Database Manual

Data Modeling数据建模

Data modeling refers to the organization of data within a database and the links between related entities. Data in MongoDB has a flexible schema model, which means:数据建模是指数据库中数据的组织以及相关实体之间的链接。MongoDB中的数据具有灵活的模式模型,这意味着:

Generally, documents in a collection share a similar structure. To ensure consistency in your data model, you can create schema validation rules.通常,集合中的文件共享类似的结构。为了确保数据模型的一致性,您可以创建模式验证规则

Use Cases用例

The flexible data model lets you organize your data to match your application's needs. MongoDB is a document database, meaning you can embed related data in object and array fields.灵活的数据模型允许您组织数据以满足应用程序的需求。MongoDB是一个文档数据库,这意味着您可以在对象和数组字段中嵌入相关数据。

A flexible schema is useful in the following scenarios:灵活的模式在以下场景中很有用:

  • Your company tracks which department each employee works in. You can embed department information inside of the employee collection to return relevant information in a single query.您的公司跟踪每个员工在哪个部门工作。您可以将部门信息嵌入employee集合中,以便在单个查询中返回相关信息。

  • Your e-commerce application shows the five most recent reviews when displaying a product.
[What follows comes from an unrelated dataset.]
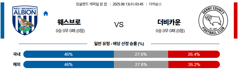 웨스트브로미치 대 더비카운티 잉글랜드FA컵 08월13일 맞대결 생중계, 스포츠중계, 스포츠분석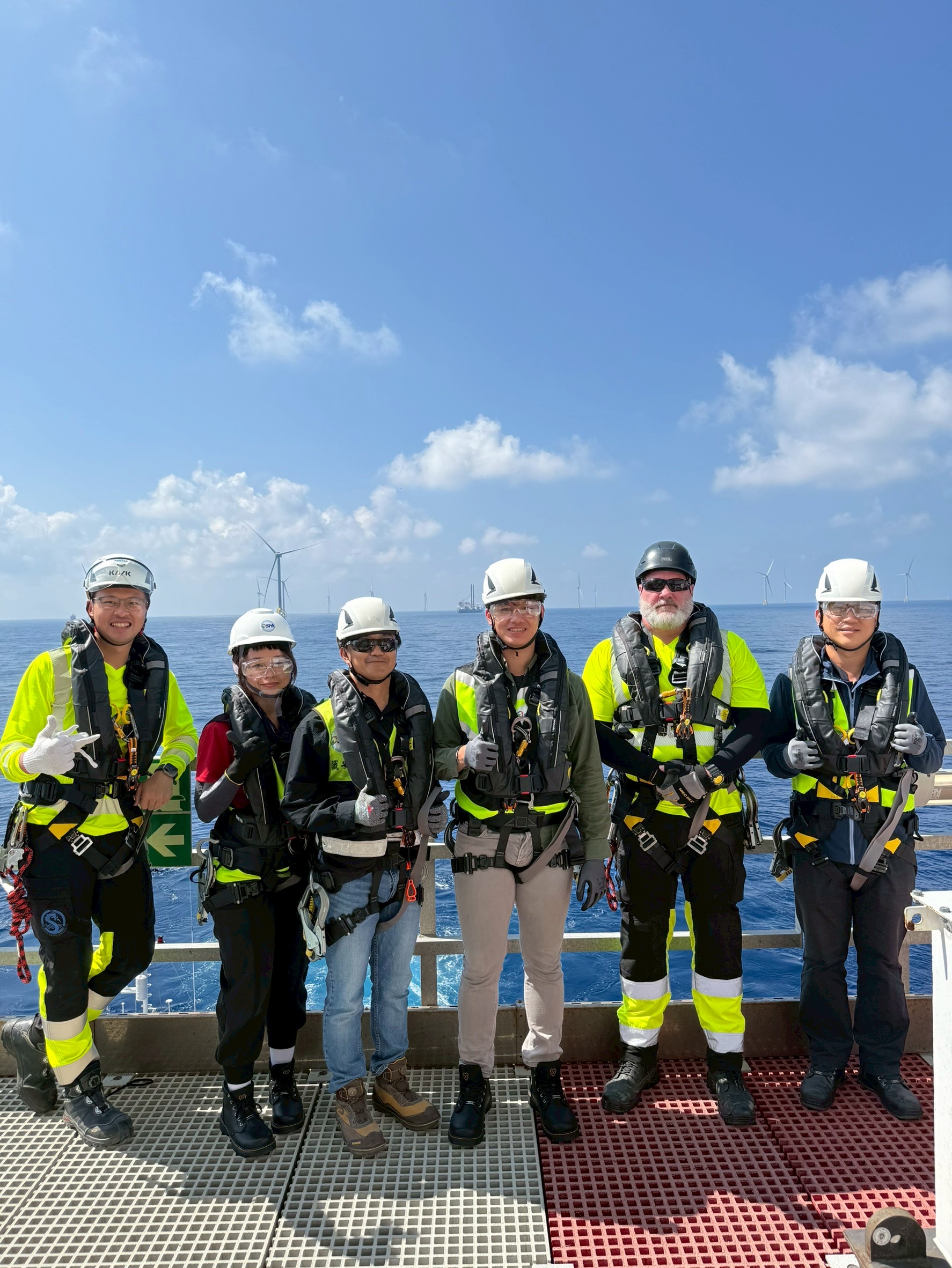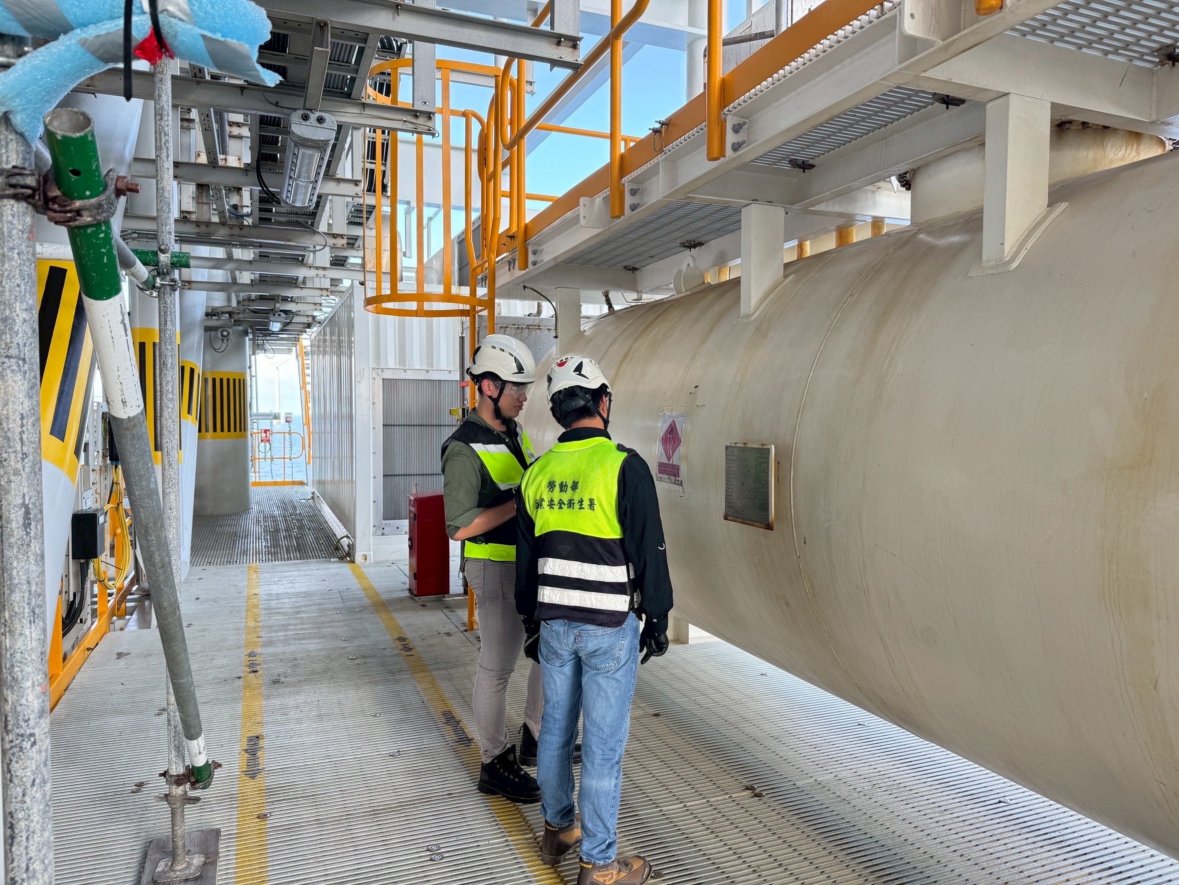 職安署於本(114)年10月2日派員登船前往海龍離岸風場施工區域實施檢查,就變電站及風機施工現況檢視安全衛生設施及管理執行情形,督促離岸風場落實安全管理。

You can store the recent reviews in the same collection as the product data, and store older reviews in a separate collection because the older reviews are not accessed as frequently.您的电子商务应用程序在显示产品时显示五条最新评论。您可以将最近的评论与产品数据存储在同一个集合中,也可以将旧评论存储在单独的集合中,因为旧评论的访问频率较低。

  • Your clothing store needs to create a single-page application for a product catalog. Different products have different attributes, and therefore use different document fields. However, you can store all of the products in the same collection.你的服装店需要为产品目录创建一个单页应用程序。不同的产品具有不同的属性,因此使用不同的文档字段。但是,您可以将所有产品存储在同一集合中。

Schema Design: Differences between Relational and Document Databases模式设计:关系数据库和文档数据库之间的区别

When you design a schema for a document database like MongoDB, there are a couple of important differences from relational databases to consider.当你为MongoDB这样的文档数据库设计模式时,需要考虑与关系数据库的几个重要区别。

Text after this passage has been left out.